Description of the task – Begin at the top of the entries below and write out every line through the one containing "2024년 G-HOP 대학창업연합 창업 경진대회 장려상 수상", excluding pictures.
BEGIN Listed entries
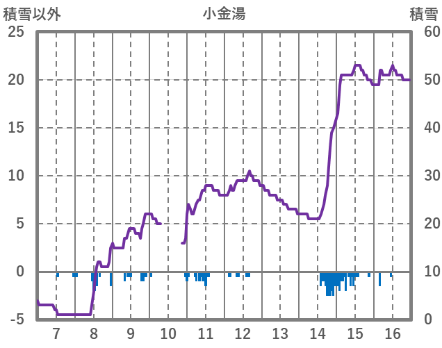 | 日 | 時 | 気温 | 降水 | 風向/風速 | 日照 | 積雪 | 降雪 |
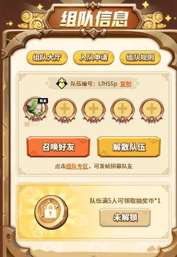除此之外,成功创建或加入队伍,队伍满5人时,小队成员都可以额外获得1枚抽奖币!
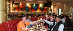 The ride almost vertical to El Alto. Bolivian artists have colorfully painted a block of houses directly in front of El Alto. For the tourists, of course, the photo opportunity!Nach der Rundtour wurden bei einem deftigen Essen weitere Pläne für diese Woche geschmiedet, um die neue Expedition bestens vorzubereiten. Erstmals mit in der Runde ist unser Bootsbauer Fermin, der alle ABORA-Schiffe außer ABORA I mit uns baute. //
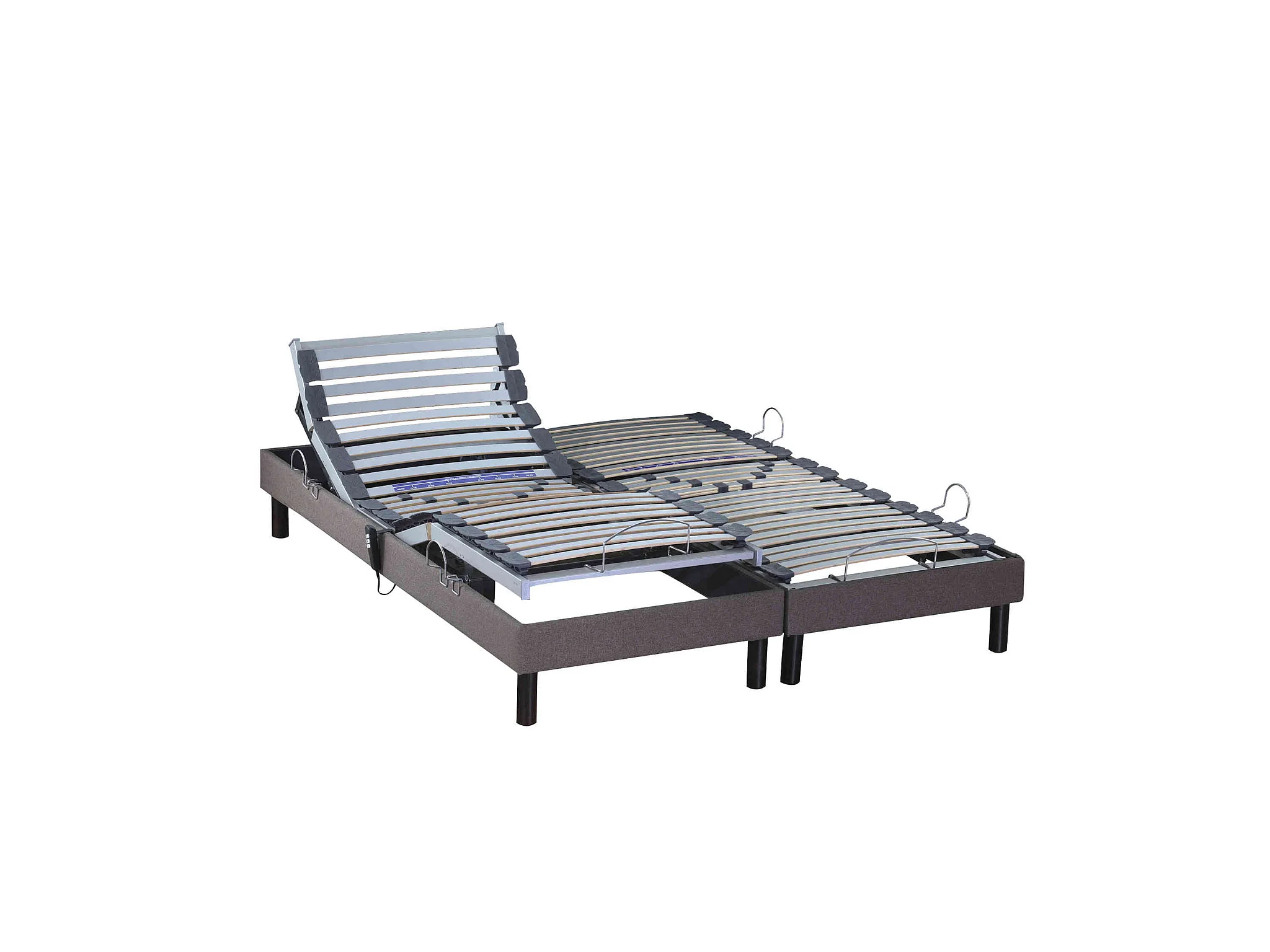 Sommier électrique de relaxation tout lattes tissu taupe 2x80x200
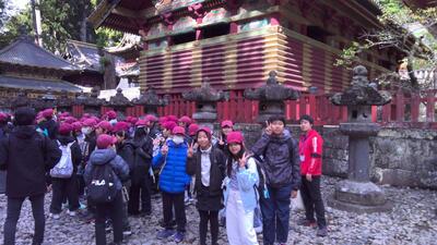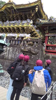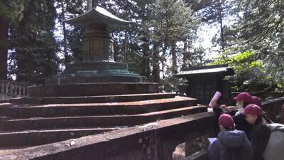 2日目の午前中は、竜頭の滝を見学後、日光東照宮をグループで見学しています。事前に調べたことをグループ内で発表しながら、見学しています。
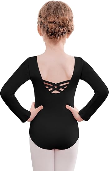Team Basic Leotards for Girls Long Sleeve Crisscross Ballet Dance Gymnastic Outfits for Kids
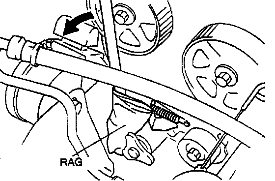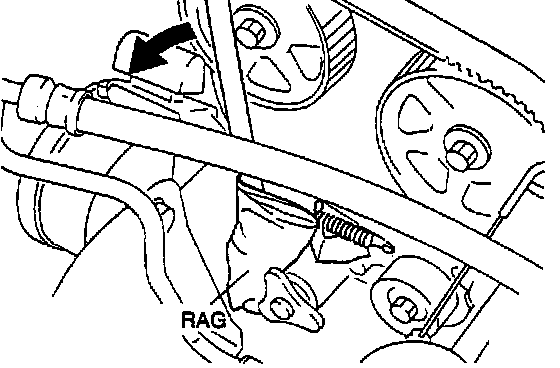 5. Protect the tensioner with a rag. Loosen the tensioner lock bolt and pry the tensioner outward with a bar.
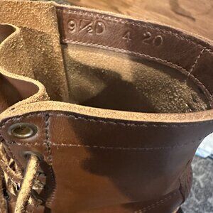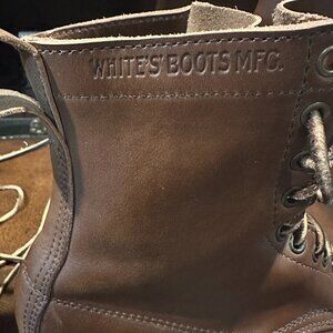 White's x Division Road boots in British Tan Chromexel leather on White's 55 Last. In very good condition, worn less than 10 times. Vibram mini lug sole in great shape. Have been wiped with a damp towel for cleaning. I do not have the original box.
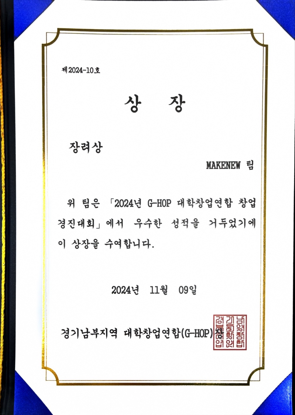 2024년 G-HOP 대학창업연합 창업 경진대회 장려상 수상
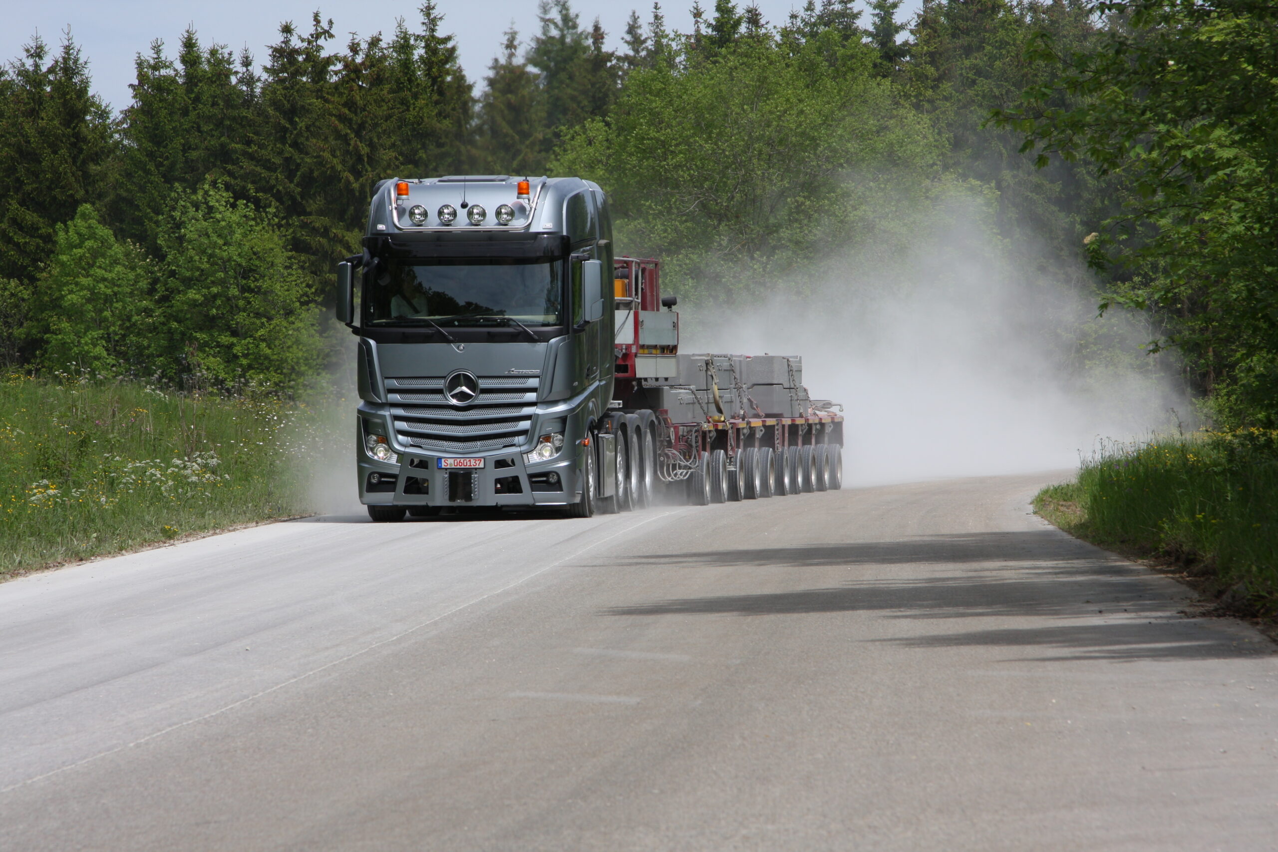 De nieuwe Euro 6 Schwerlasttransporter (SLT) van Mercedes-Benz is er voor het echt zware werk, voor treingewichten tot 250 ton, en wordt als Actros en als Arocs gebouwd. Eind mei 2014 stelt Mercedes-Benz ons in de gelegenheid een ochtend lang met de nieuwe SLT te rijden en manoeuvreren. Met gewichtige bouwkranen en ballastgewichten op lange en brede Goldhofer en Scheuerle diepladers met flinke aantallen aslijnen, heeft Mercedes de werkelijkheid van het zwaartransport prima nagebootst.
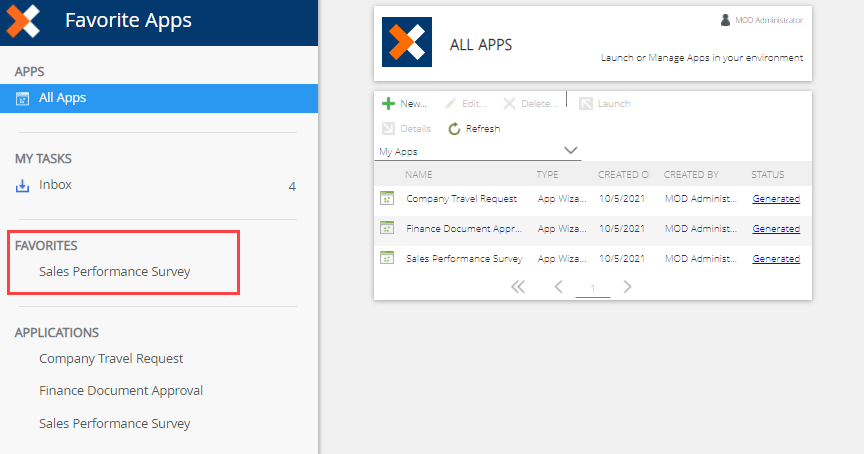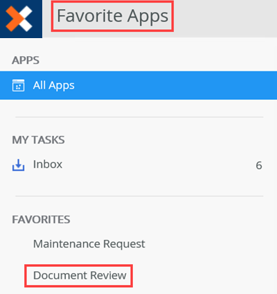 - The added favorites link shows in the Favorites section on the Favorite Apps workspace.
END Listed entries
Response area –
 | 日 | 時 | 気温 | 降水 | 風向/風速 | 日照 | 積雪 | 降雪 |
除此之外,成功创建或加入队伍,队伍满5人时,小队成员都可以额外获得1枚抽奖币!
 The ride almost vertical to El Alto. Bolivian artists have colorfully painted a block of houses directly in front of El Alto. For the tourists, of course, the photo opportunity!Nach der Rundtour wurden bei einem deftigen Essen weitere Pläne für diese Woche geschmiedet, um die neue Expedition bestens vorzubereiten. Erstmals mit in der Runde ist unser Bootsbauer Fermin, der alle ABORA-Schiffe außer ABORA I mit uns baute. //
 Sommier électrique de relaxation tout lattes tissu taupe 2x80x200
 2日目の午前中は、竜頭の滝を見学後、日光東照宮をグループで見学しています。事前に調べたことをグループ内で発表しながら、見学しています。
Team Basic Leotards for Girls Long Sleeve Crisscross Ballet Dance Gymnastic Outfits for Kids
 5. Protect the tensioner with a rag. Loosen the tensioner lock bolt and pry the tensioner outward with a bar.
 White's x Division Road boots in British Tan Chromexel leather on White's 55 Last. In very good condition, worn less than 10 times. Vibram mini lug sole in great shape. Have been wiped with a damp towel for cleaning. I do not have the original box.
 2024년 G-HOP 대학창업연합 창업 경진대회 장려상 수상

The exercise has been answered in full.